今日、菅直人内閣が発足しました。普天間基地の辺野古崎移転の対米約束という、致命的な瑕疵を背負ったままの船出となりました。この内閣が、東北アジアの緊張を決定的に緩和し、日・韓・朝・中・露5ヵ国全域をカバーする、不可逆的で確固とした平和を構築することによって、在日米軍基地の存在を陳腐化し、そして、沖縄からも日本のすべての地域からも、米軍が存在しなくなることを、心から願います。普天間基地撤去こそが、東北アジアの平和構築に向けた、日本政府の意思表示の格好のチャンスであったことを思い返しつつ、再び政府が遠くない日に、こうしたチャンスをわがものにすることを、願わずにおれません。

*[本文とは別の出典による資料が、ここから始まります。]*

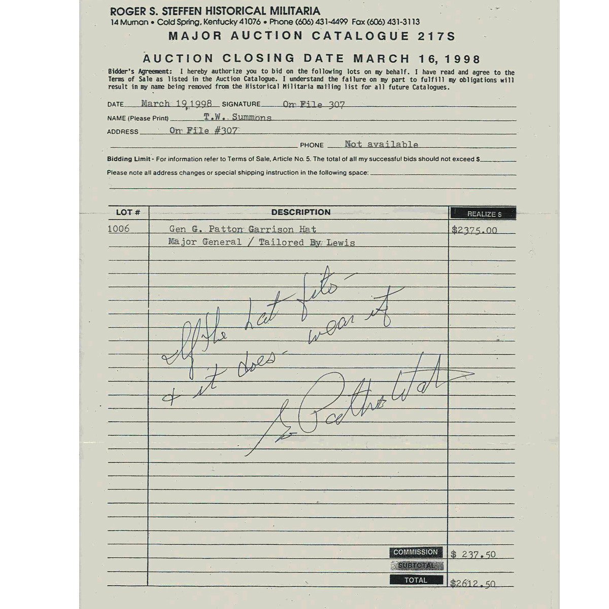 LOT # 1006 as "Gen. G. Patton Garrison Hat, Major General / Tailored by Lewis", the total purchase price with commission was $2,612.50. Who say’s military collectibles aren't a more reliable investment than real estate or the stock market?

 すべてのマスメディアは、普天間基地問題を、政治の争点からはずし始めました。そして、これに代わって登場してきたのが、消費税増税問題です。昨年の衆院選挙で掲げた民主党のマニフェストの実現を拒んだのは、「税収の大幅減」が原因だと、新しい民主党幹事長は、昨夜のニュース番組で、弁明しました。これを受けたキャスターたちは、「では新政権は、消費税増税論議に踏み切るのですね」と、当然の如く念押しします。税収不足=増税=消費税増税は、マスメディアの世界ではすでに、定式化されているようです。菅直人氏は、財務大臣に就いたあと、増税の必要性について幾度か言及しています。「増税しても使い道をまちがえなければ景気はよくなる」という発言です。メディアは、菅氏が消費税増税に踏み込んだ、と飛びつきました。その菅氏が首相に就任。いよいよ消費税増税か、とメディアはいろめき立っているのです。はたして、そうなのか?
 
菅氏が財務大臣のとき、政府税制調査会専門家委員会委員長に招聘した神野直彦氏の言説に、大切なヒントが隠されていると思います。神野氏は、メディアの意図する消費税増税路線とは、正反対の立場を明確にしています。しかも、反・新自由主義の強力な論客のひとりです。勿論、神野氏の思想と提言がそのまま、菅新内閣の方針と具体策になる保証はありません。しかし、ブレーンのひとりとして、神野氏が菅新首相とその内閣に大きな影響を及ぼしうる立場にあることは間違いなく、国民世論が粘り強くバックアップすれば、神野提言の現実化は、けっして絵空事ではないものと確信します。では、その神野氏の思想と提言とは。神野直彦著『「分かち合い」の経済学』(岩波新書2010年4月刊)で、このことを確認しておきたい。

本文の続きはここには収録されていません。